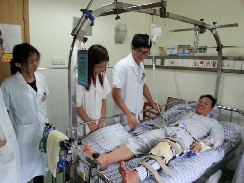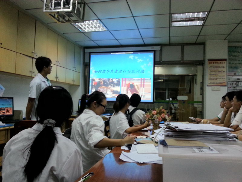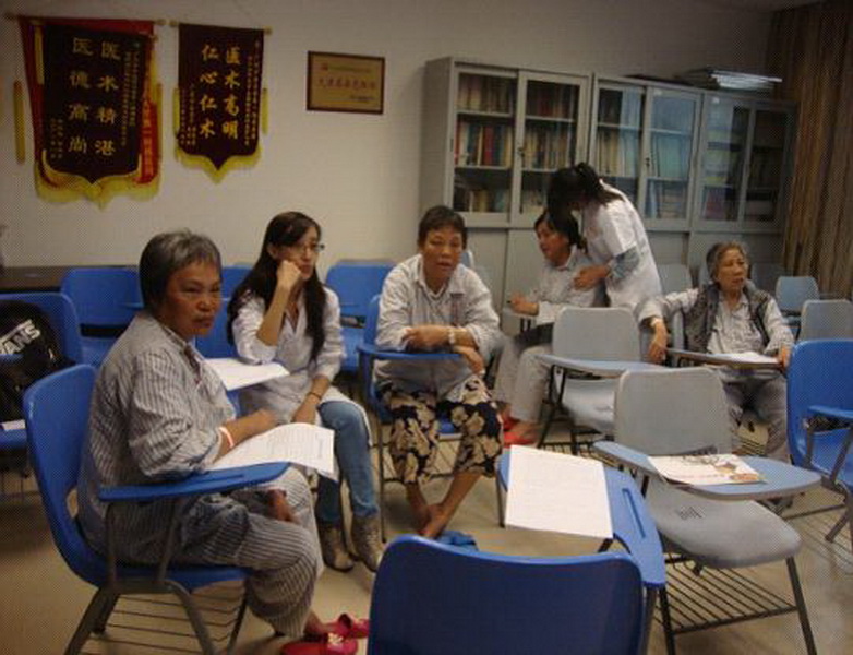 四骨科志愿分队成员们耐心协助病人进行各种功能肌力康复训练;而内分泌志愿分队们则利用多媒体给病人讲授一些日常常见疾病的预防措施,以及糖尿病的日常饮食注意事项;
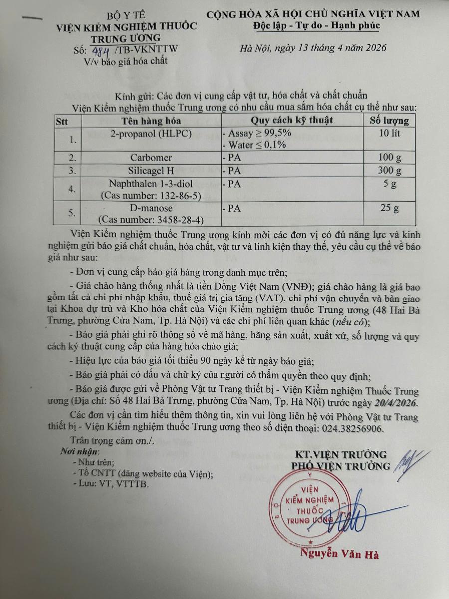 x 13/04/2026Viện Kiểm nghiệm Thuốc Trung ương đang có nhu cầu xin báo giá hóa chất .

===============

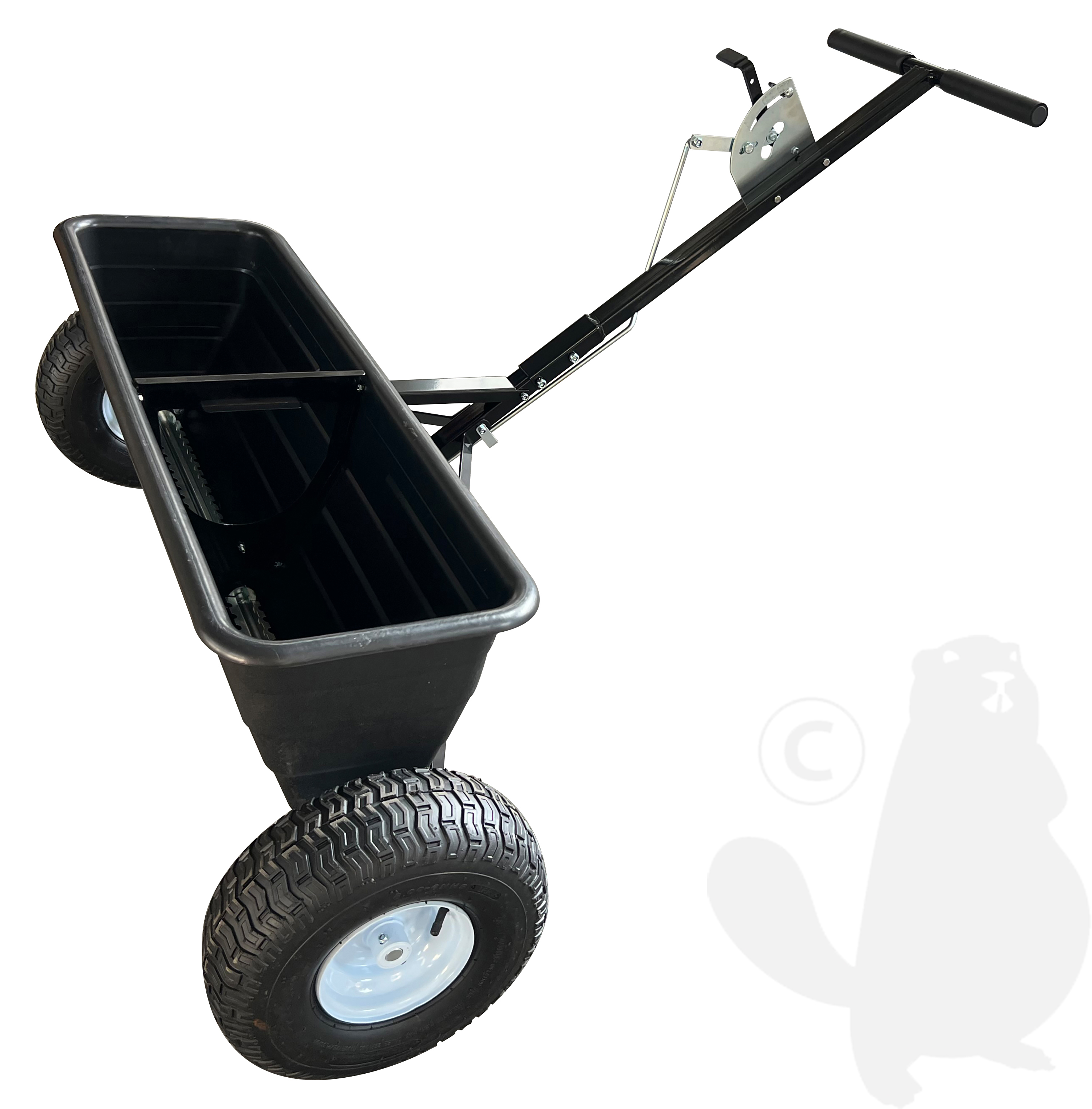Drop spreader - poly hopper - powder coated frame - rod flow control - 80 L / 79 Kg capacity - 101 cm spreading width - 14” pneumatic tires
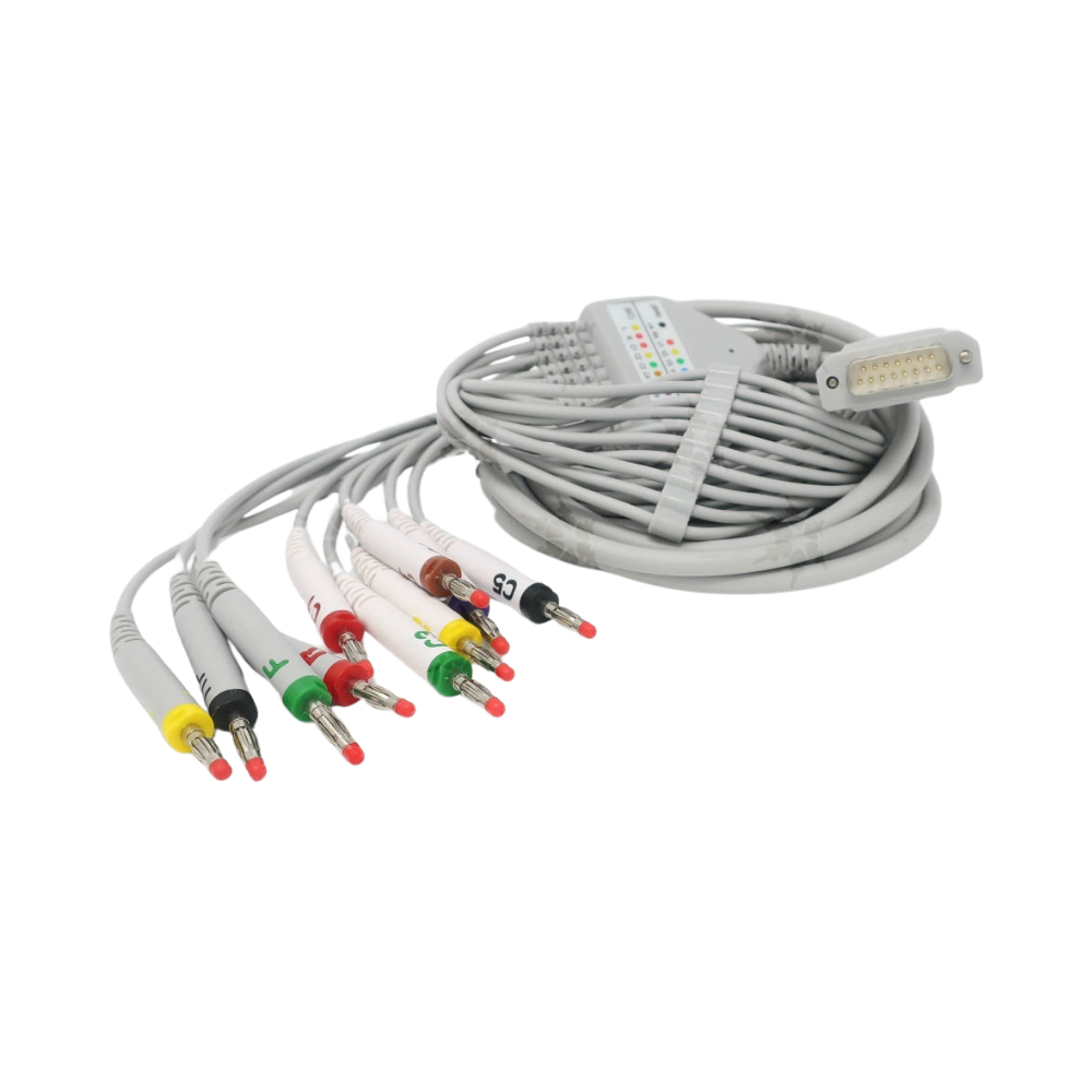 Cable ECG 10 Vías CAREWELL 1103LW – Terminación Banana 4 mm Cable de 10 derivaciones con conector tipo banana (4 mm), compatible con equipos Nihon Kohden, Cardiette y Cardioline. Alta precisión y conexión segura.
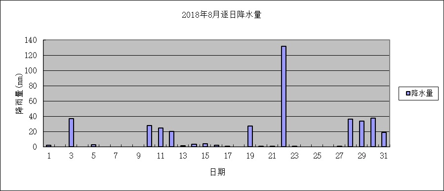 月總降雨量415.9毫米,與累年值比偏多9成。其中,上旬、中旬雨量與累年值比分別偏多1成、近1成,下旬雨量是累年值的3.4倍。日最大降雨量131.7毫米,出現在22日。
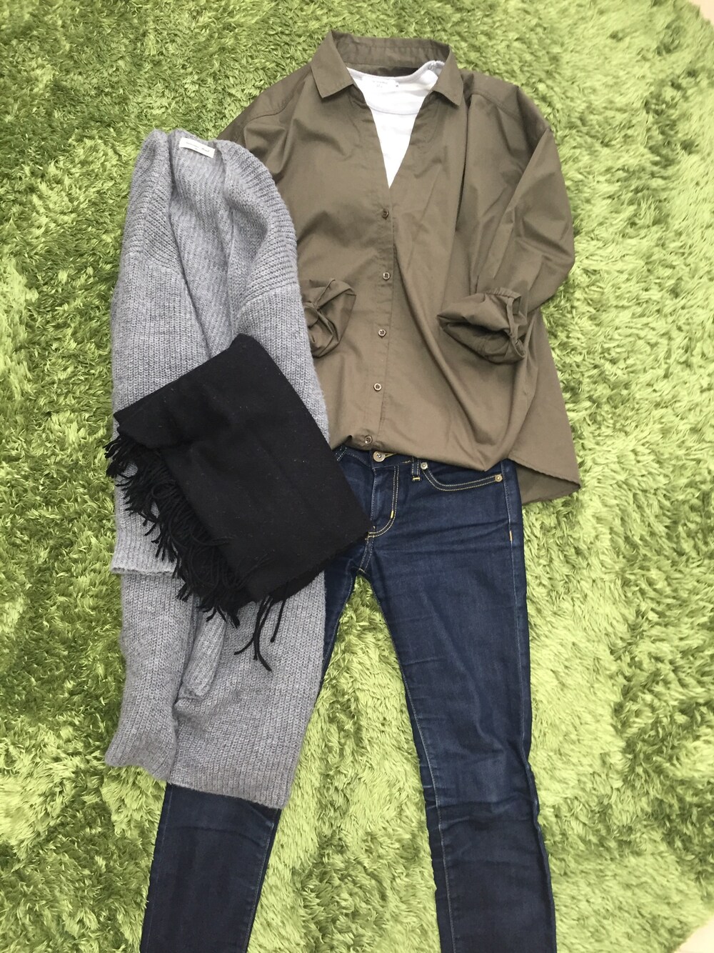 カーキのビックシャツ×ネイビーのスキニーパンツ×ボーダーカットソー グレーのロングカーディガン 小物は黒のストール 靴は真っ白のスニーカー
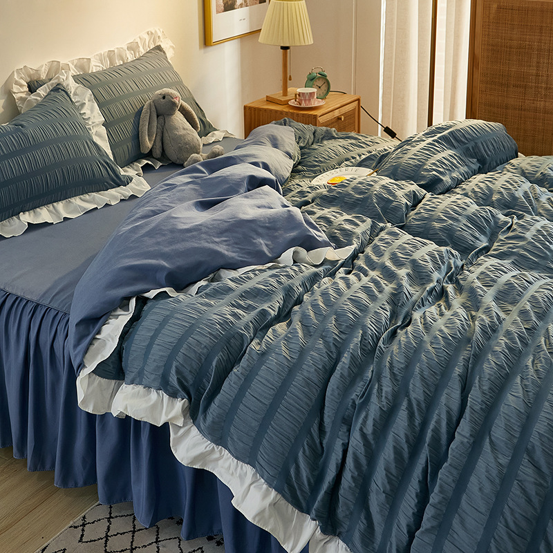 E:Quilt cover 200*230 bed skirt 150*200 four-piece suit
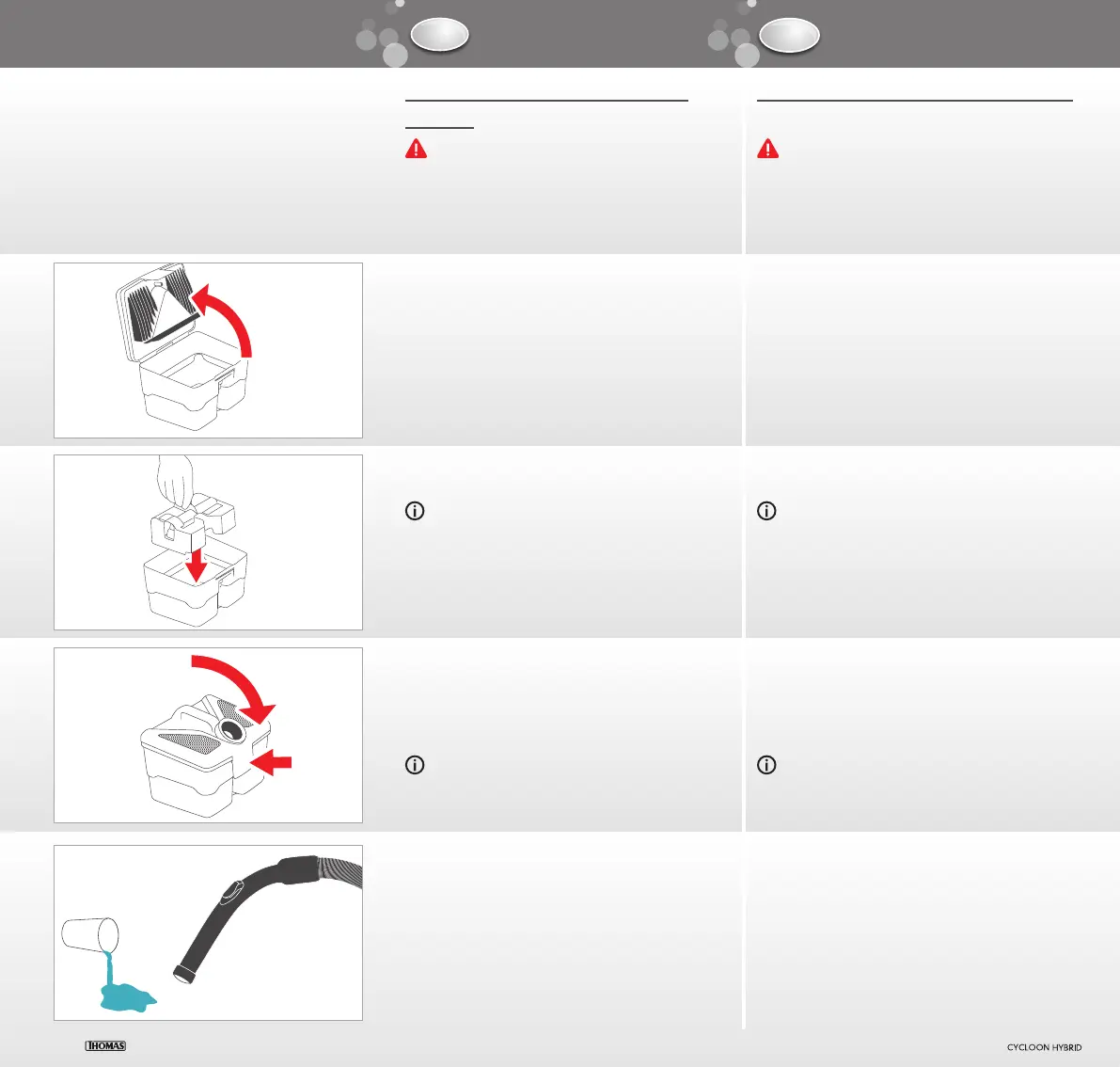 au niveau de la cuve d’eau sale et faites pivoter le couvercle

===============

WHAT THE TASK ASKS:
Skip every picture, and restate word for word only the lines above from the line containing "四骨科志愿分队成员们耐心协助" to the line containing "x 13/04/2026Viện Kiểm", both of them included.

WRITTEN RESPONSE:
 四骨科志愿分队成员们耐心协助病人进行各种功能肌力康复训练;而内分泌志愿分队们则利用多媒体给病人讲授一些日常常见疾病的预防措施,以及糖尿病的日常饮食注意事项;
 x 13/04/2026Viện Kiểm nghiệm Thuốc Trung ương đang có nhu cầu xin báo giá hóa chất .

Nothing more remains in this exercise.